▸ **Data excerpt**
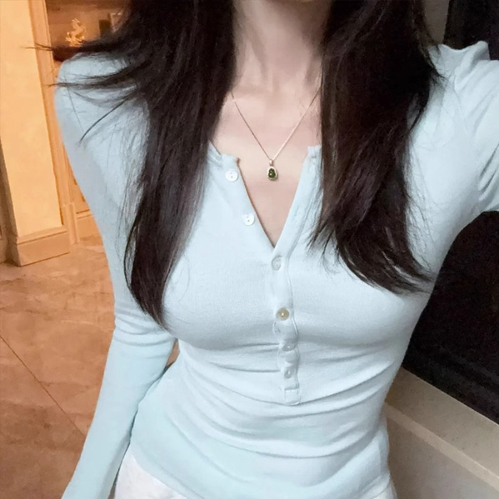 Американская горячая девушка хочет полуоткрытый воротник, а талия с длинными рукавами. Футболка с длинными рукавами.
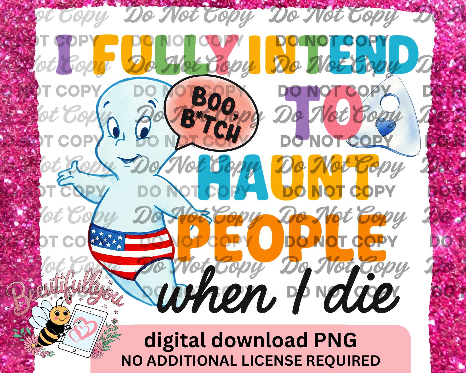 Add a hilarious, patriotic twist to your spooky season designs with this I Fully Intend to Haunt People When I Die PNG! Featuring a cheeky ghost in star-spangled undies, a bold rainbow font, and a sassy “Boo B*tch” bubble, this design brings the perfect mix of cute, creepy, and chaotic.
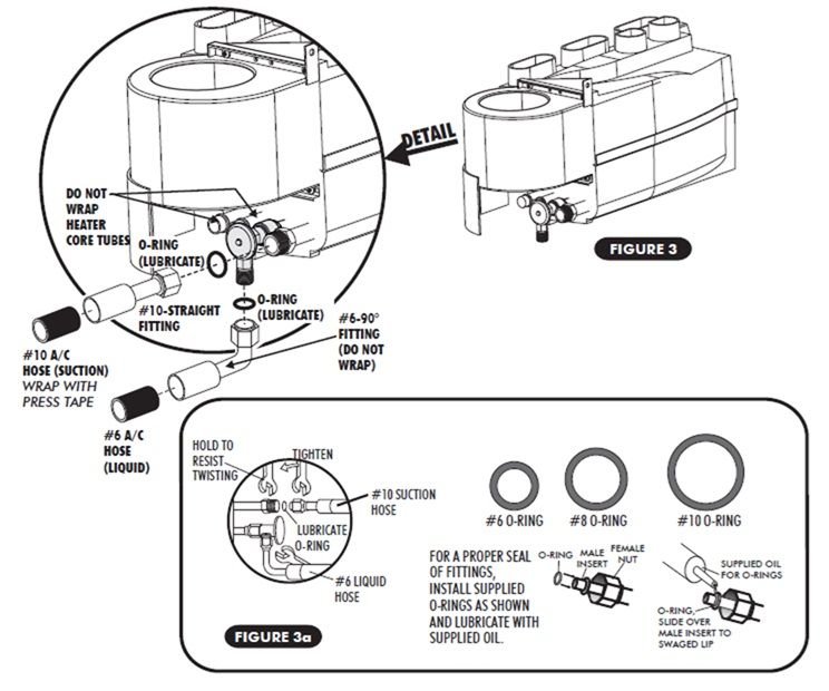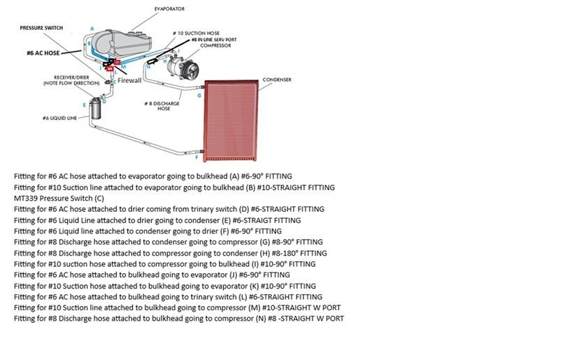 Unfortunately only 10AN and #10 AC threads are the same size. #6 AC and 6 AN threads are not the same and neither are #8 AC and 8 AN for the record. Because of this, one cannot use a 6 AN line on the inside for the high pressure AC line. One must use standard AC #6 hose and fittings. In other words, a four seasons 16746 adapter for the 6AN line isn’t going to work. The 16749 adapter for the 10AN line will work, which goes into the #10 connection on the evaporator.

▸ **Task requirements**
Without any pictures, transcribe the listing above exactly as written.

▸ **Solution**
 Американская горячая девушка хочет полуоткрытый воротник, а талия с длинными рукавами. Футболка с длинными рукавами.
 Add a hilarious, patriotic twist to your spooky season designs with this I Fully Intend to Haunt People When I Die PNG! Featuring a cheeky ghost in star-spangled undies, a bold rainbow font, and a sassy “Boo B*tch” bubble, this design brings the perfect mix of cute, creepy, and chaotic.
 Unfortunately only 10AN and #10 AC threads are the same size. #6 AC and 6 AN threads are not the same and neither are #8 AC and 8 AN for the record. Because of this, one cannot use a 6 AN line on the inside for the high pressure AC line. One must use standard AC #6 hose and fittings. In other words, a four seasons 16746 adapter for the 6AN line isn’t going to work. The 16749 adapter for the 10AN line will work, which goes into the #10 connection on the evaporator.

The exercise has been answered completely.